Conversations with Emmanuel Lévinas, 1983-1994

Conversations with Emmanuel Lévinas, 1983-1994 PDF Author: Michaël de Saint-Cheron
Publisher: Duquesne
ISBN: 9780820704289
Category : Jewish philosophers
Languages : en
Pages : 0

Get Book Here

Book Description
ncluded here as well, following the interviews, are several essays in which Saint Cheron presents his own further considerations of their conversations and Levinas's ideas.

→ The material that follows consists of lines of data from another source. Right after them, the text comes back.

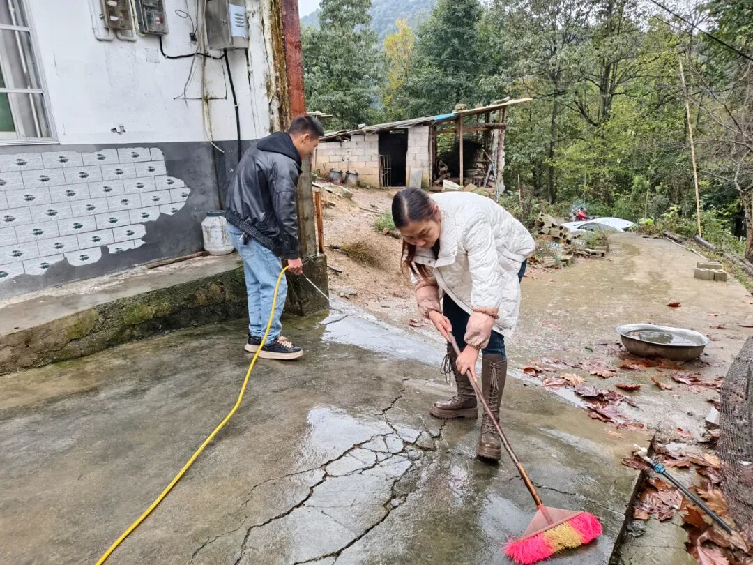 “高伯伯,你看这院坝收拾出来,是不是亮堂多了?以后在这儿晒太阳也舒心。”在赶子村特困人员高开文家中,村干部和党员志愿者一边麻利地清理堆积的杂物和落叶,一边与其亲切交谈。原本略显杂乱、落叶堆积的院坝,在大家齐心协力下,很快变得整洁有序、宽敞明亮。高开文看着焕然一新的院子,脸上露出了久违的笑容,连声道谢:“真是太感谢你们了,我身体经常生病,腿脚也不方便,这院子好久没这么干净了。”
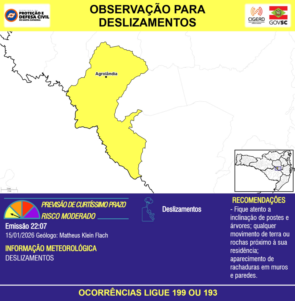 OBSERVAÇÃO – 15/01 22:07 – DESLIZAMENTOS para o município de Agrolândia
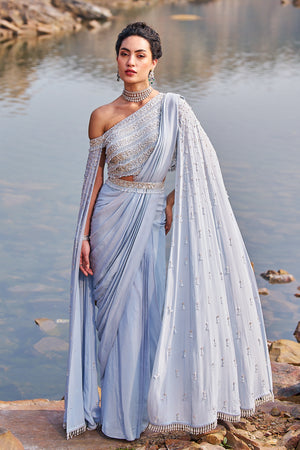 Refreshing Aqua Drape Embellished Saree In Crepe Paired With Stunning Cape Oneshoulder Blouse .Its Intricately Hand Crafted With Crystal Drop , Its Padded And Have A Back Hook Closure.
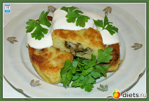 Итак: Лук очистите и мелко нарежьте. Поджарьте на растительном масле до золотистого цвета. Грибы почистите, помойте, мелко нарежьте, после чего кладем их в сковороду к луку. Посолите, поперчите, и тушите до готовности. За 2-3 минуты до готовности можно добавить раздавленный чеснок. Очищенный картофель отварите в подсоленной воде до готовности. Слейте всю воду, добавьте к картофелю сливочное масло и молотый перец, и сделайте пюре. Слегка остудив пюре, добавим яйцо и 3 ст. ложки муки, тщательно перемешаем. На разделочную доску или тарелку насыпьте около 1/2 стакана муки. Мокрой ложкой наберите картофельное тесто и положите его на мучную горку, сделайте из теста лепешку, положите на ее центр грибную начинку. Аккуратно соедините края зразы, хорошо залепите и обваляйте ее в муке. Сформованные зразы жарьте с двух сторон на растительном масле на среднем огне до румяной корочки. Перед подачей на стол полейте сметаной, украсьте листиками петрушки.
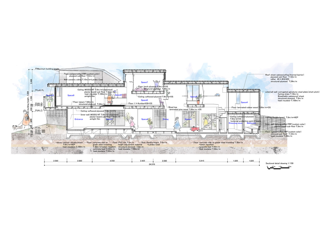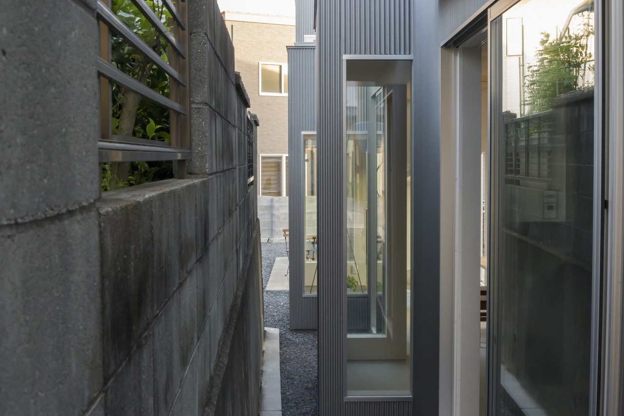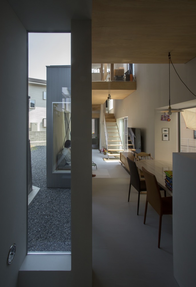 Text description provided by the architects. The house is on one of the plots of a large developed field in the Japanese countryside. The site was surrounded by long, narrow, distorted roads that had existed for a long time, and the land had a deformed flagpole shape. As a result, variously angled property boundaries and buildings surrounded the site, and no matter where one stood on the site, one felt a tenuous relationship with the neighboring land. This project attempted to create a new relationship with the outside, including the neighboring land, by designing the distance between the building and the site boundary on a deformed flagpole lot with distorted contours. Specifically, a 1.8m wide elongated volume is placed to penetrate the flag and pole portions of the deformed flagpole site. By doing so, an interior space with a strong axis is created in the deformed site, and all the spaces can have exterior wall surfaces with a close distance on both the east and west sides. While adjusting the relationship with the neighboring land, the openings that lead to the outside and the places that bulge out slightly from the axis that serve as gathering places are placed there.
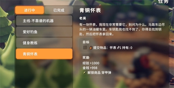 往前走就能看到一輛白色的油罐車,走到它的車門邊,用機械鑰匙把車門打開,就能找到那塊青銅懷表了。
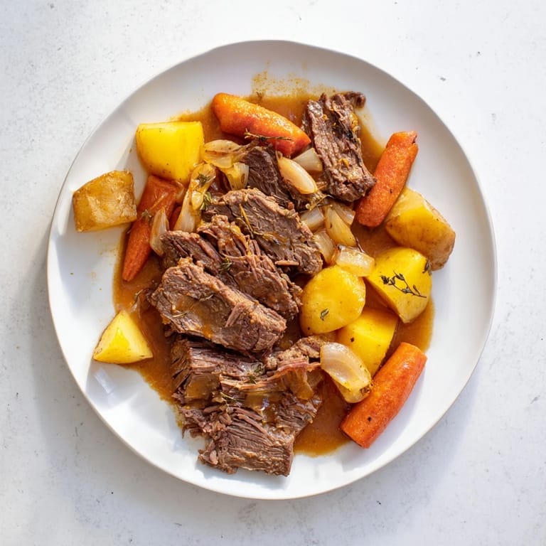Pin It The kitchen was quiet except for the low hum of the oven and the occasional bubble breaking through the surface of that dark, rich gravy. I'd spent weeks perfecting this pot roast recipe after my grandmother mentioned hers had never quite turned out right. There's something deeply satisfying about a dish that transforms tough meat into something tender enough to cut with a spoon.
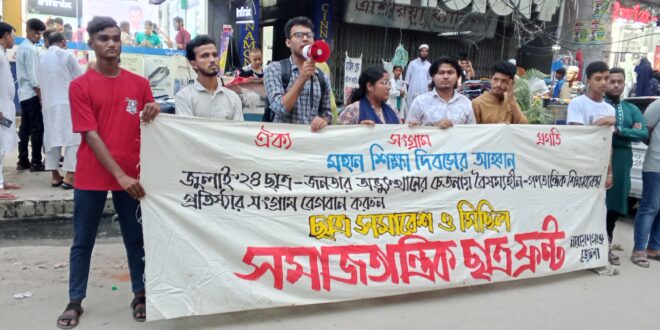 নেতৃবৃন্দ আরও বলেন, শিক্ষার নামে ভর্তি ফি বৃদ্ধি ও নামে-বেনামে ফি আদায় চলছে। ২০-২১ শিক্ষাবর্ষে ফরম পুরণের জন্য অতিরিক্ত ফি নির্ধারণ করা হয়েছিল। শিক্ষার্থীদের পর্যাপ্ত আবাসন, ক্লাসরুম, লাইব্রেরি-সেমিনার কক্ষ, পরিবহন নেই। প্রতিটি কলেজে রয়েছে শিক্ষকের সংকটসহ নানাবিধ সমস্যা। কিন্তু প্রশাসনকে শিক্ষার্থীদের সমস্যা সমাধানে কোনো উদ্যোগ নিতে দেখা যায় না। শিক্ষার এই সংকট বুর্জোয়া শাসকশ্রেণী টিকিয়ে রেখেছে, ফলে বারবার ছাত্র আন্দোলন গণআন্দোলনে রূপ নিয়েছে।

He writes of the relation of the epiphany of the face to the idea of holiness; of Sartre and, in particular, that existentialist thinker's "revision" of Jews and Judaism in his final controversial dialogues with Benny Lévy; of the epiphanies of death in André Malraux's writings; and of the radical breach effected in the Western philosophical tradition by Levinas's "otherwise-than-thinking." Finally, Saint Cheron pays homage to Levinas's talmudic readings in an analysis of forgiveness and the unforgivable in Jewish tradition and liturgy, culminating in an inevitable confrontation with the Shoah from the perspective of Simon Wiesenthal's harrowing The Sunflower and some of the contemporary reactions to it."